**TASK TO COMPLETE:**
Only the lines from the one containing "Kısa uzunlukta, renkli" through the end of the listing are to be repeated, exactly and without pictures.

**DATA SHOWN:**
=======
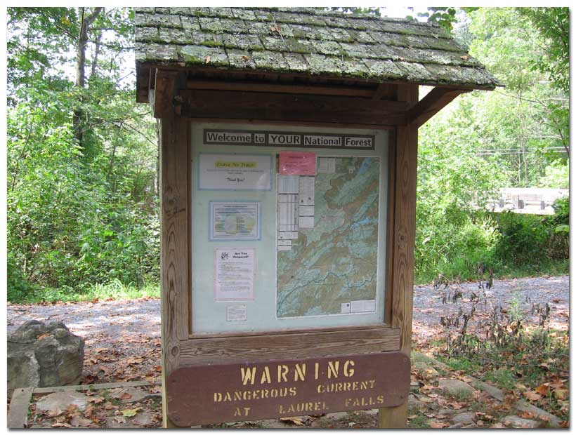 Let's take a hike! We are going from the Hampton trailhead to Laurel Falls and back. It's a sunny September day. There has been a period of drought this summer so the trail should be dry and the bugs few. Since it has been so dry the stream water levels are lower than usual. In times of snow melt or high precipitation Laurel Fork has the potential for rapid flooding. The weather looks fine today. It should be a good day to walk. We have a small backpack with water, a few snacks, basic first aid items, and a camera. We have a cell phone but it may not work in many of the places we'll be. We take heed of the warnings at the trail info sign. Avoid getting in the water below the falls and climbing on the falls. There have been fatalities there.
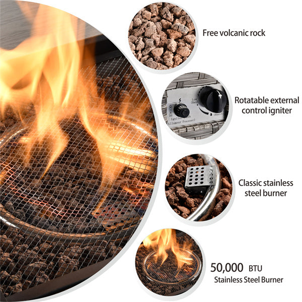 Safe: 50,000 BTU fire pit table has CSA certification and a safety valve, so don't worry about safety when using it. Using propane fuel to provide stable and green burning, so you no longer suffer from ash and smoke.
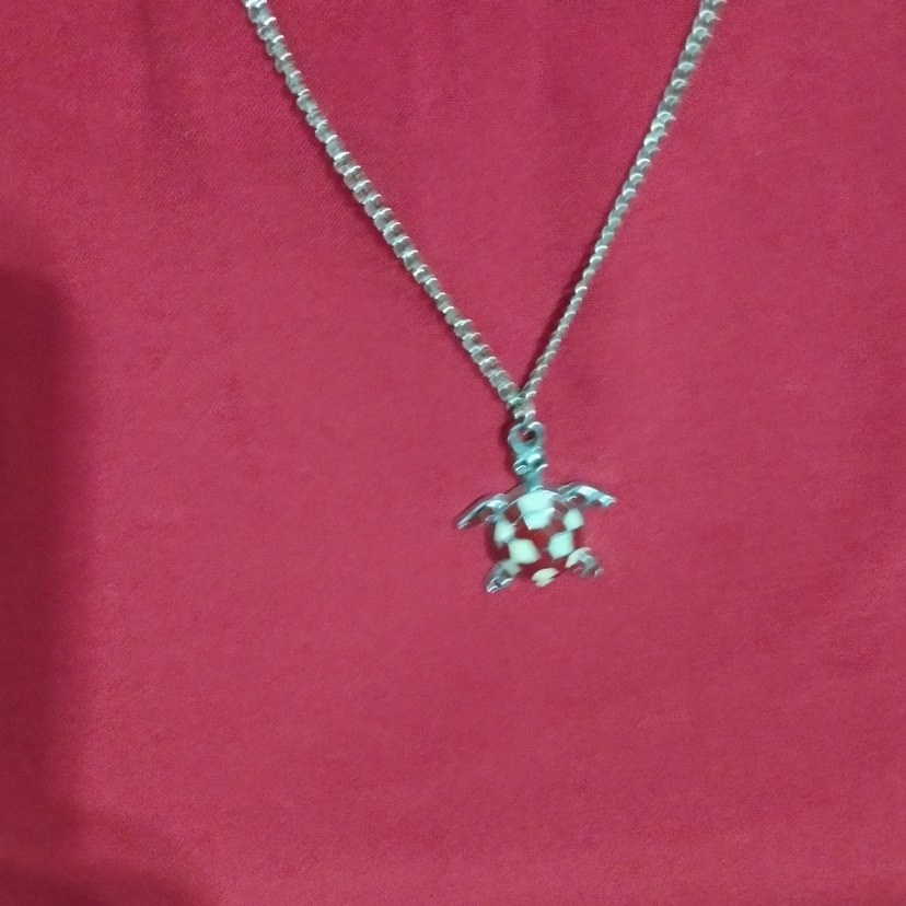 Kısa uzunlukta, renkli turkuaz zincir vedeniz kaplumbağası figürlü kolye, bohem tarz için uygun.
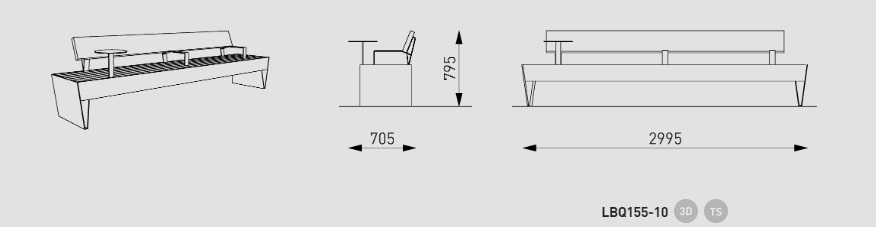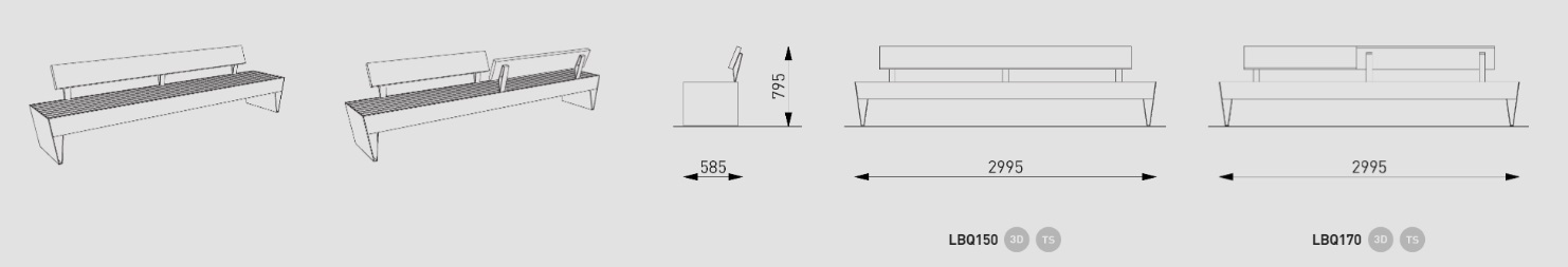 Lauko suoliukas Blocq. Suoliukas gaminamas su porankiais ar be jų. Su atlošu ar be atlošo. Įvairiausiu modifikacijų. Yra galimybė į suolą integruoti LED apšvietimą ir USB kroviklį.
=======
**EXERCISE OUTPUT:**
 Kısa uzunlukta, renkli turkuaz zincir vedeniz kaplumbağası figürlü kolye, bohem tarz için uygun.
 Lauko suoliukas Blocq. Suoliukas gaminamas su porankiais ar be jų. Su atlošu ar be atlošo. Įvairiausiu modifikacijų. Yra galimybė į suolą integruoti LED apšvietimą ir USB kroviklį.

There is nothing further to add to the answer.